Most humans when sorting—ordering a deck of cards, for example—use a method that is similar to insertion sort. —Wikipedia - Insertion SortThe obvious lessons:
- Insertion sort is a simple and intuitive algorithm
- The obvious algorithm is sometimes slow
- Humans optimise for human-sized problems
Hang on though, when I sort a deck of cards, I do this:
- Sort 5 cards through some intuitive process.
- Grab another card (if there is one)
- Find where it goes
- Insert it
- Go to step 2
But I certainly don't lay all the sorted cards out in a line, and move them all across by one when I insert one into the list. I just make a gap and stick the card in. This doesn't take longer if i have more cards!
What does take longer is finding the right place to insert a card, but when this gets hard I end up using a modified binary search. (Modified because I know something about the distribution of cards, and because it's easy to look at (and cache) a few consecutive cards). So this is log(n), and the overall algorithm is O(n log n), or as we say in Germany, 'fast'[1].
The ringbinder
We get away from it because real life has a 'data structure' that's half array, half linked list:
- 'Get the nth item' is constant time (ish. You get pretty good at estimating how thick 10 cards are)
- Insert an item is constant time.
- Remove an item is constant time
I'm going to call this structure the 'Ringbinder' because 'Stack' is already taken by something that behaves nothing like any real-life stack I've ever seen.
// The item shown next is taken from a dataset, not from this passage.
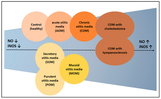 Contrary to the existing studies, one study reported decreased iNOS. Adenoid samples from the children with OME showed a lower iNOS expression compared to samples from the children without middle ear disease. It was suggested that local induction of iNOS in adenoids might be important in preventing OME development [40]. However, considering that the study involved adenoids rather than inflammatory cells or effusion from the middle ear, the direct target organ of otitis media, there are issues in comparing these results with other studies.
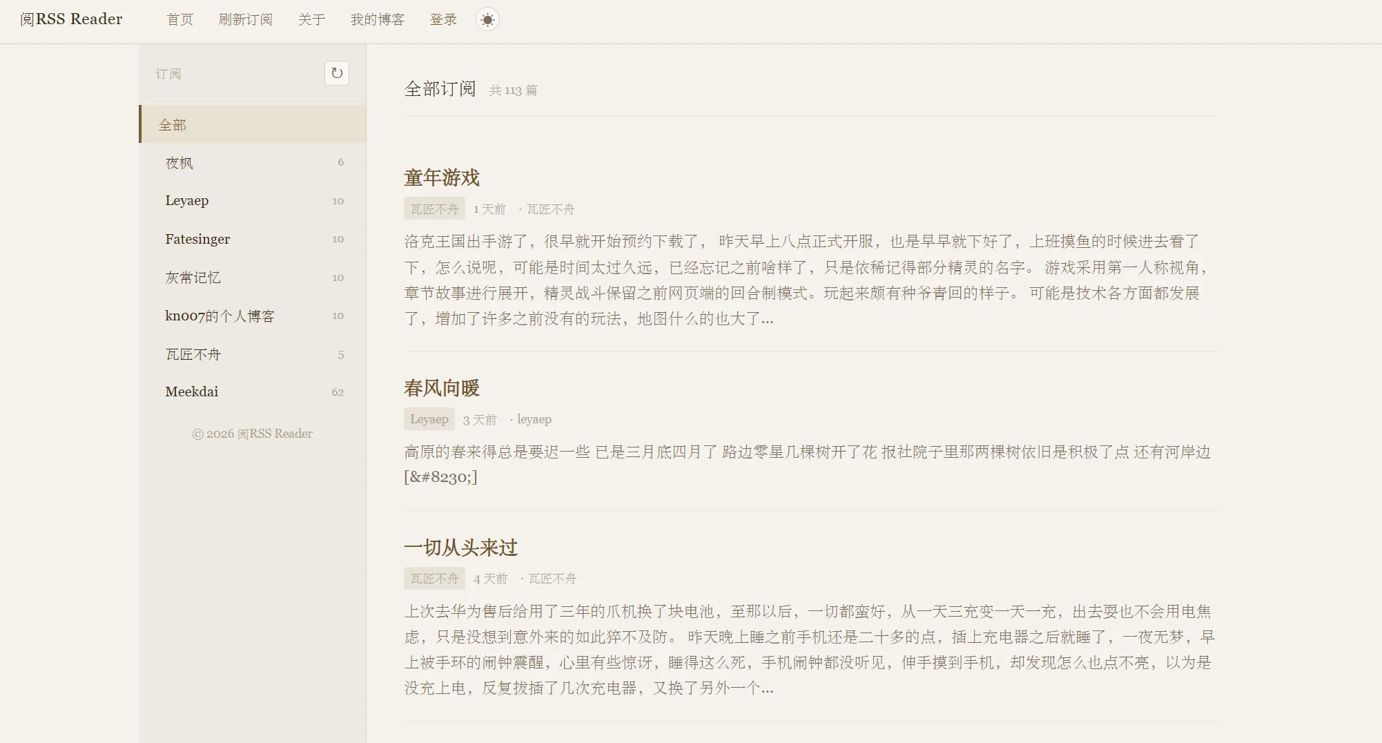 之前折腾过多款Rss订阅器,有第三方的,也有自己写的,使用和体验都不太符合自己的要求,就如之前的RssX阅读器吧,有点简陋,外观比较丑陋,没有好的视觉体验,底层代码和样式代码比较混乱,懒得下手去看,去改动美化。然而,这次的阅读器主打一个简单、简约、高效,同时功能也比较完善,多亏与多次迭代(AI + 手动调整细节),整体我是很满意的。

For sufficiently large values of N, your program will run faster using a USB robotic ring-binder operator rather than an ArrayList. You heard it here first.
Divserion: quantum bogosort
Cheating at algorithms using real-life's weirdnesses isn't new. qfork() is a version of fork() that returns a different value in each quantum universe. So we sort in O(n) like so:
srand(qfork()); shuffle(data); if(!sorted(data)) exit(1); // todo cleanup world
I mention this only because it amuses me.
So, seriously?
I guess at some point physically moving the cards to make a gap doesn't actually take constant time. If our robot can exert some fixed force and has to move n items just enough to make room for one more, then this takes O(√n) time[2]. Revised performance:
- Go to index: O(√n)
- Get next/prev: O(1)
- Insert/delete: O(1)
This makes our insertion sort O(n^1.5 log n) which is no longer state of the art. But surely there are currently-optimal algorithms where using this data structure would give better asymptotic performance than we get on our fancy-pants von Neumann machines[3]. Or maybe I'm missing something. I'm probably missing something.
Any others?
What other data structures can you build from common household items that put our silicon masters to shame when it comes to data processing?
(Using people to demonstrate the power of parallelism doesn't count, It's been done).
[1] working for American software companies is a lousy way to learn German.
[2] F=ma, s = at^2, etc.
[3] and way worse real-world performance, as we're shoveling around avocado-sized chunks of matter instead of deftly handling individual atoms. Still.